• **TASK OBJECTIVE**
Copy from the first line below down to and including the line with "3890364 | |". Skip the pictures.

Records from a collection:
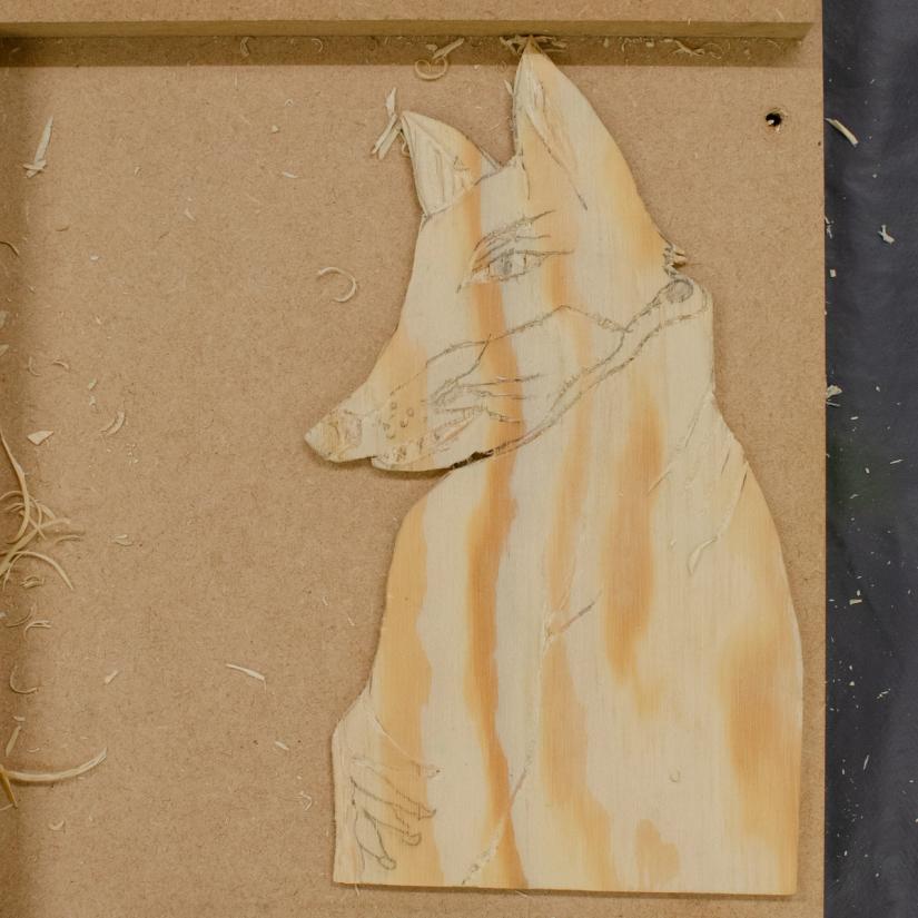Deltagerne benyttet finerplater. Det er viktig å alltid skjære fra seg. Knivene er formet som en U eller en V i ulike variasjoner og formen på kniven avgjør formen på streken som skjæres. For å fjerne store felt anbefales et stort U-jern.
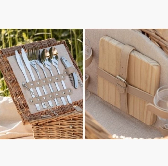 ★内容物:ナイフ、フォーク、スプーン各 2 セット、皿 2 枚、コップ 2 個、調味料 2 種類、まな板 1 枚、多機能ナイフ 1 本
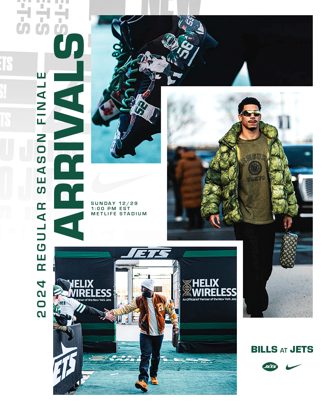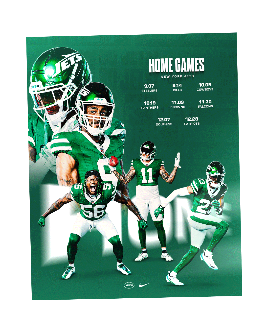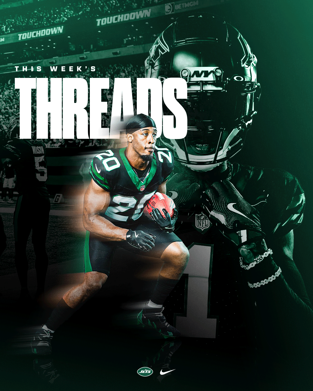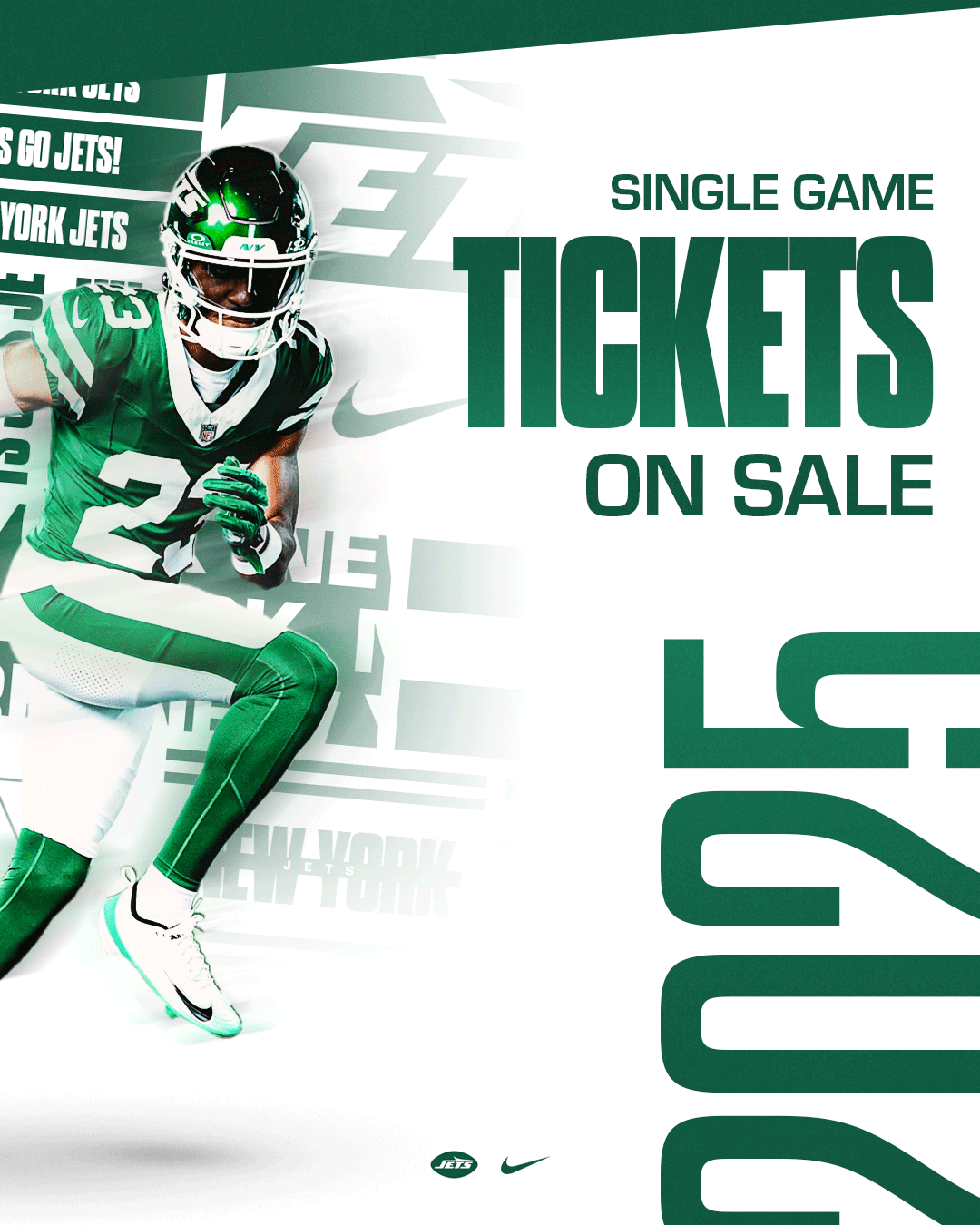 This personal project explores a refreshing and exciting aesthetic for New York Jets social media graphics. I focused on developing a cohesive visual system across the designs while ensuring each graphic remained engaging. The project aimed to balance simple and more complex designs to create contrast based on the message being communicated. The photos used were sourced from photo galleries on the New York Jets’ official website.
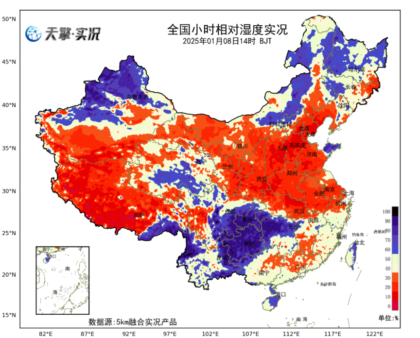 ↑ 今天下昼相对湿度实况图看,南边不少方位依旧是相比干燥的。
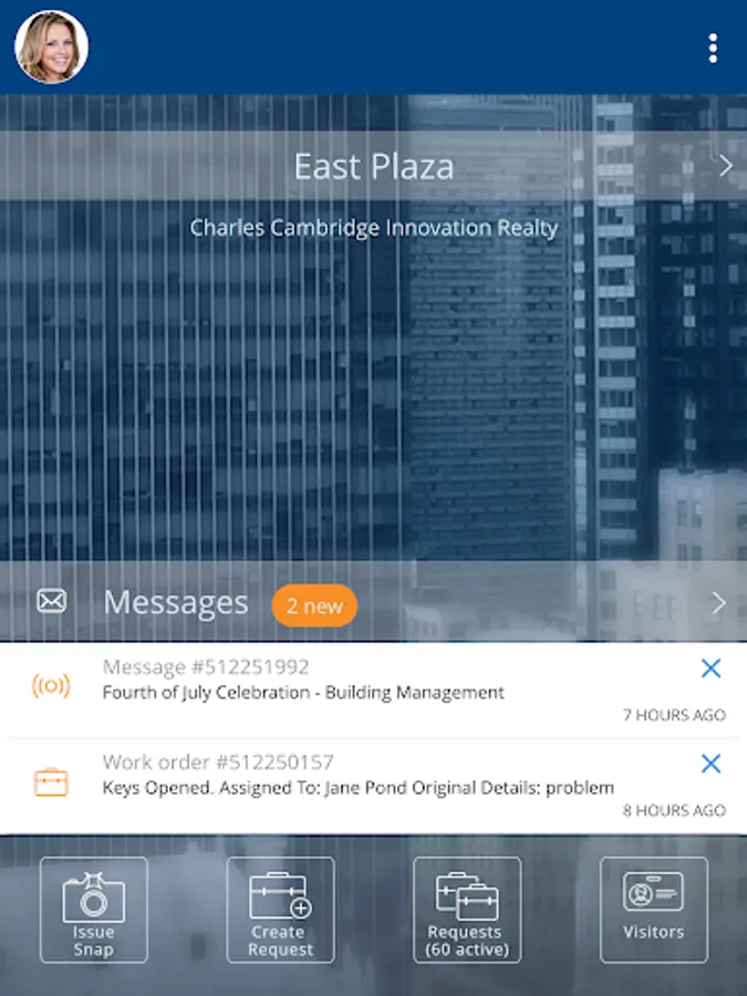 The Hive by Building Engines enables building tenants to easily manage all building issues and tasks. Stay on top of important updates from your building manager. Quickly snap a picture of a problem and submit a work order, pre-register visitors, rate your experience, and more.
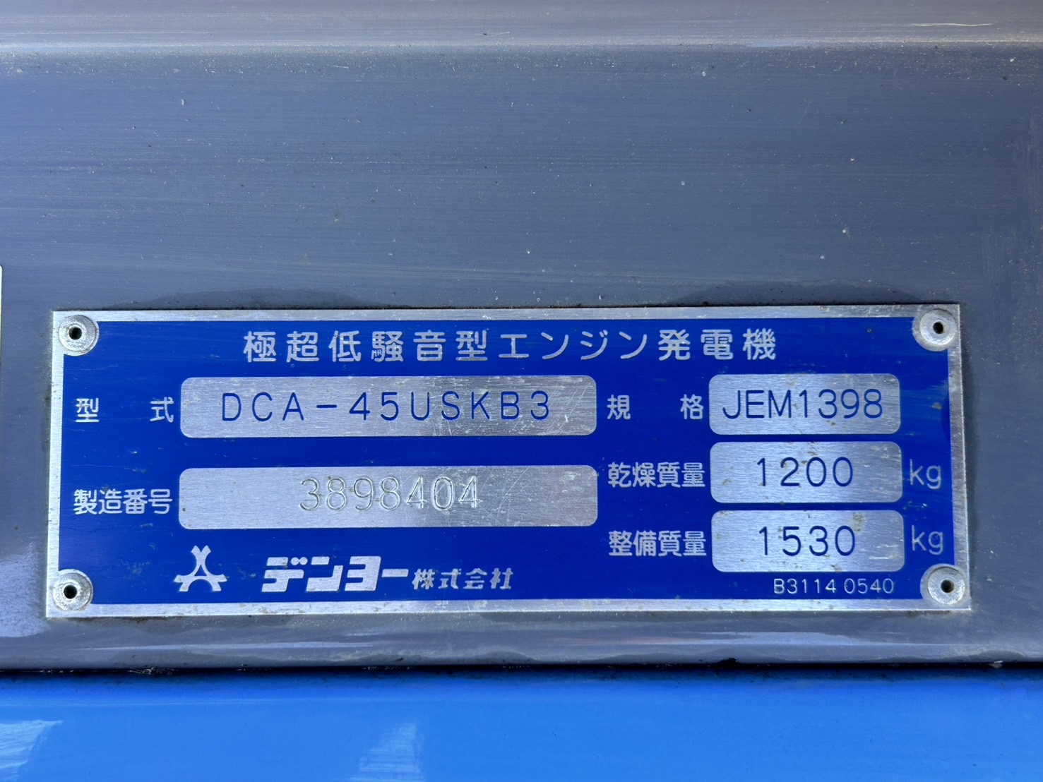 | 9258023 | DENYO | 発電機 & ウェルダー | DCA-45LSKB | 3890364 | |
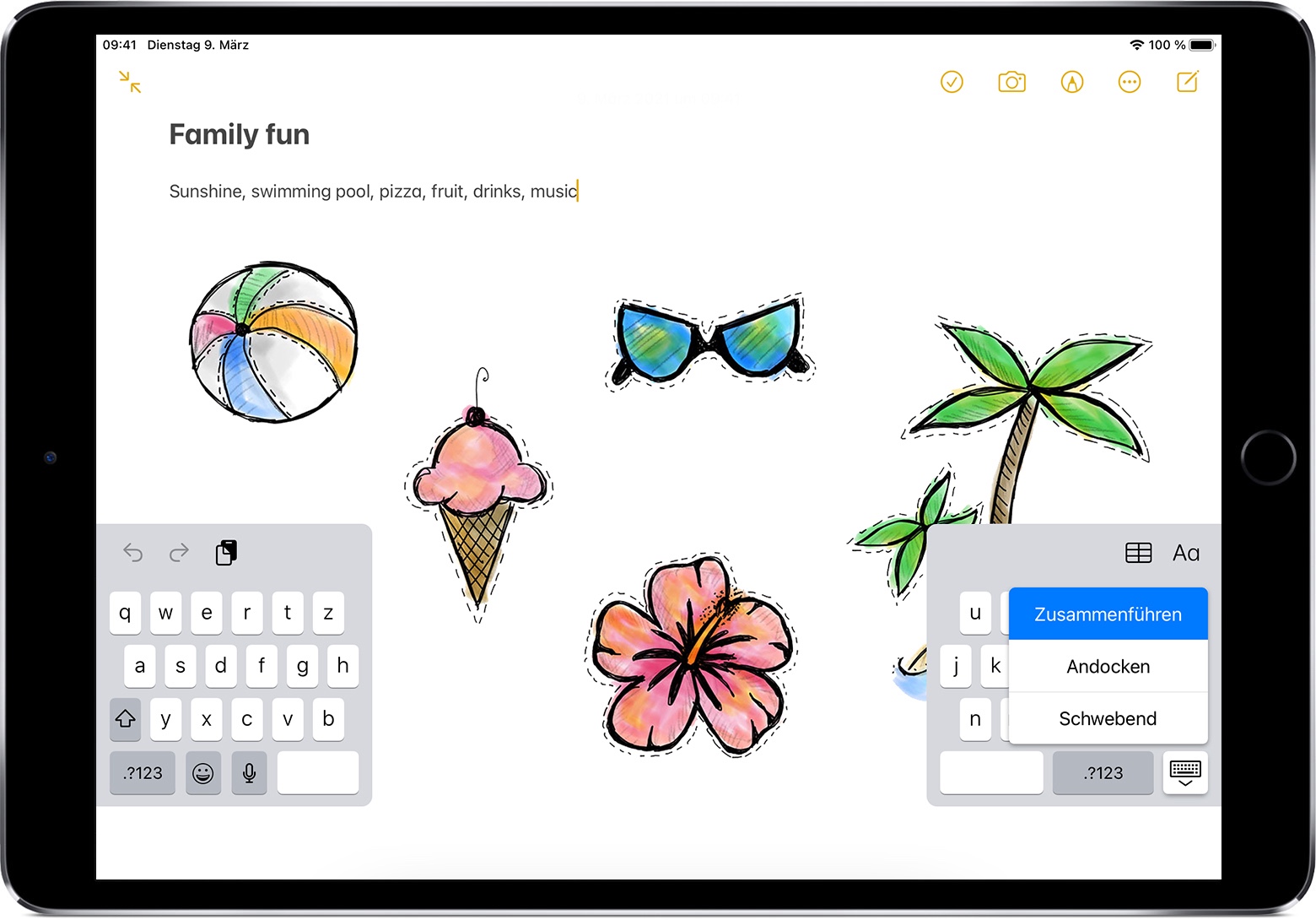 Wenn die iPad-Tastatur klein oder in zwei Hälften geteilt ist
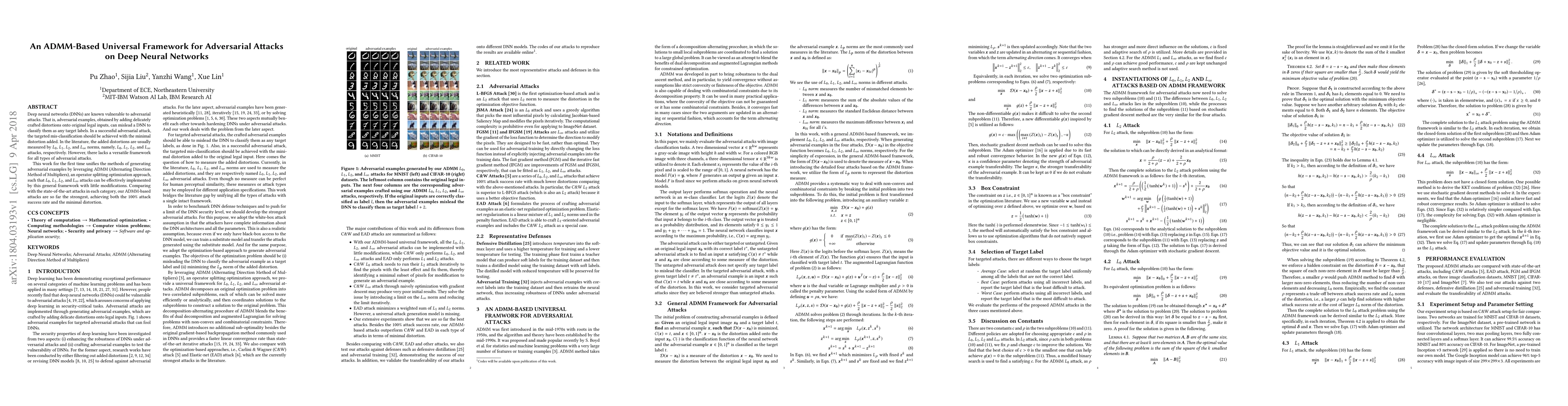 This paper proposes an ADMM-based universal framework for adversarial attacks on deep neural networks, unifying L0, L1, L2, and L infinity attack methods. The ADMM approach enables effective implementation of all attack types with minimal modifications, achieving 100% success rate and minimal distortion compared to existing methods.
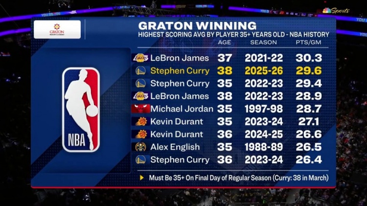 2、斯蒂芬·库里(38岁,2025-26赛季)场均29.6分
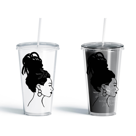 Afro girl with Messy Bun Sunglasses and hair tie Layered SVG bundle
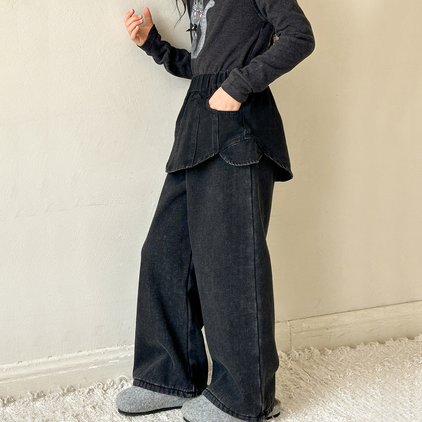 女童加绒牛仔裤子2026秋冬新款儿童一体绒休闲裤女大童冬季直筒裤
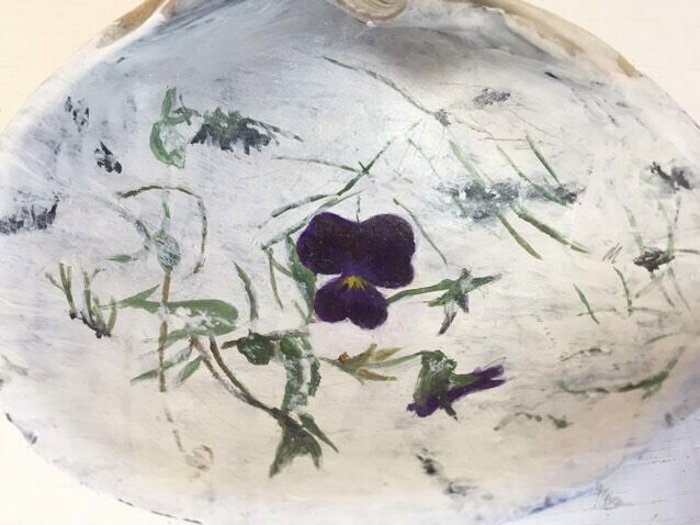 初雪の降った日、ひっそりと咲いていた菫を描きました。
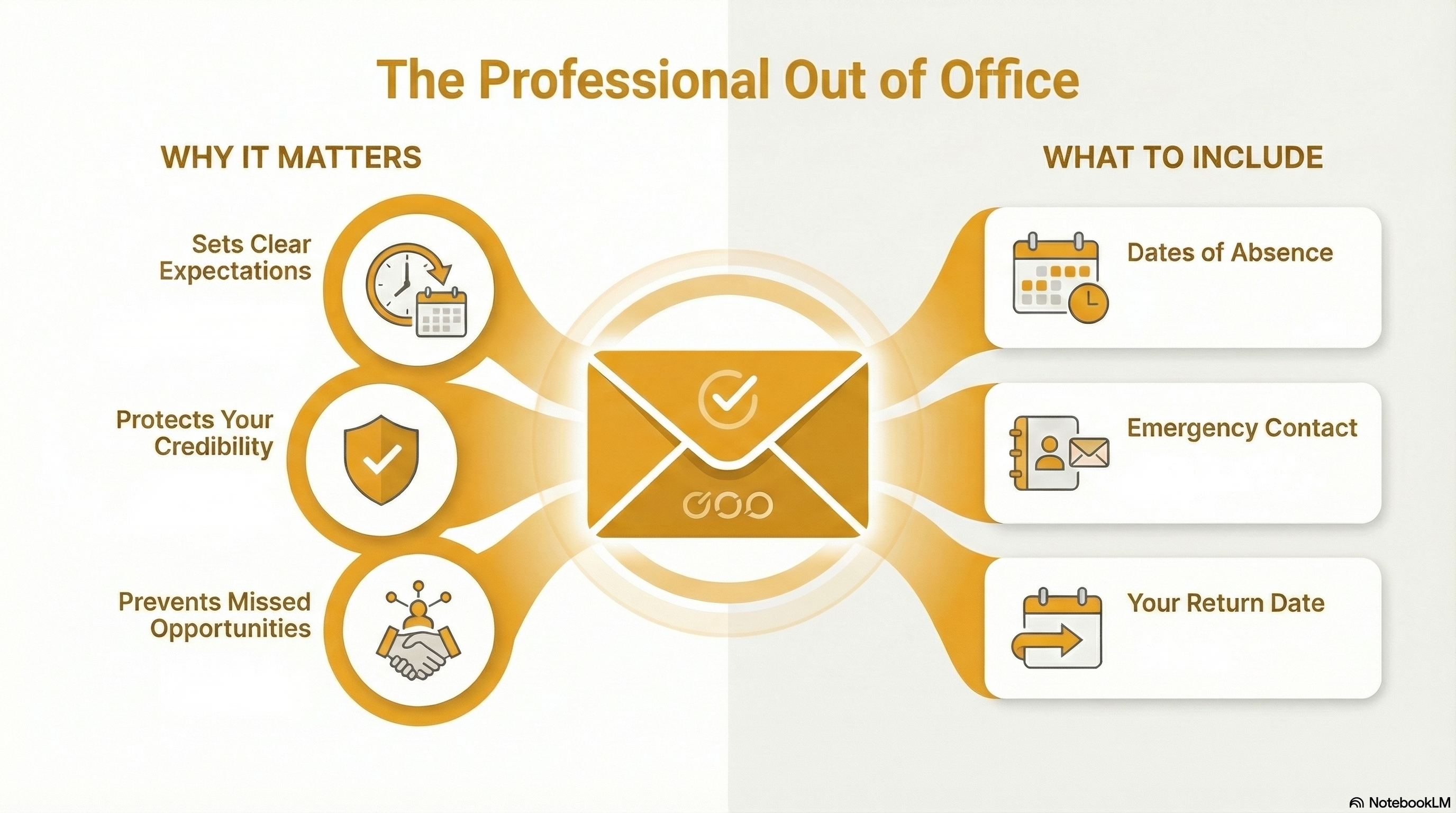 An out of office notice may seem minor, but it reflects how thoughtfully you manage professional communication.
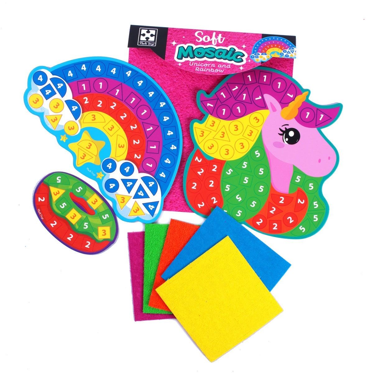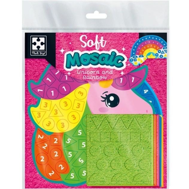 Набір для дитячої творчості зі плюшевою мозаїкою. Складається з 5-х яскравих картонних основ та трьох мʼяких планшетів з елементами мозаїки. На основах контуром зображені підказки про те, які елементи потрібно клеїти. Набір допомагає малюкам розвинути дрібну моторику та відкрити нові творчі здібності.

• **TASK ANSWER**
Deltagerne benyttet finerplater. Det er viktig å alltid skjære fra seg. Knivene er formet som en U eller en V i ulike variasjoner og formen på kniven avgjør formen på streken som skjæres. For å fjerne store felt anbefales et stort U-jern.
 ★内容物:ナイフ、フォーク、スプーン各 2 セット、皿 2 枚、コップ 2 個、調味料 2 種類、まな板 1 枚、多機能ナイフ 1 本
 This personal project explores a refreshing and exciting aesthetic for New York Jets social media graphics. I focused on developing a cohesive visual system across the designs while ensuring each graphic remained engaging. The project aimed to balance simple and more complex designs to create contrast based on the message being communicated. The photos used were sourced from photo galleries on the New York Jets’ official website.
 ↑ 今天下昼相对湿度实况图看,南边不少方位依旧是相比干燥的。
 The Hive by Building Engines enables building tenants to easily manage all building issues and tasks. Stay on top of important updates from your building manager. Quickly snap a picture of a problem and submit a work order, pre-register visitors, rate your experience, and more.
 | 9258023 | DENYO | 発電機 & ウェルダー | DCA-45LSKB | 3890364 | |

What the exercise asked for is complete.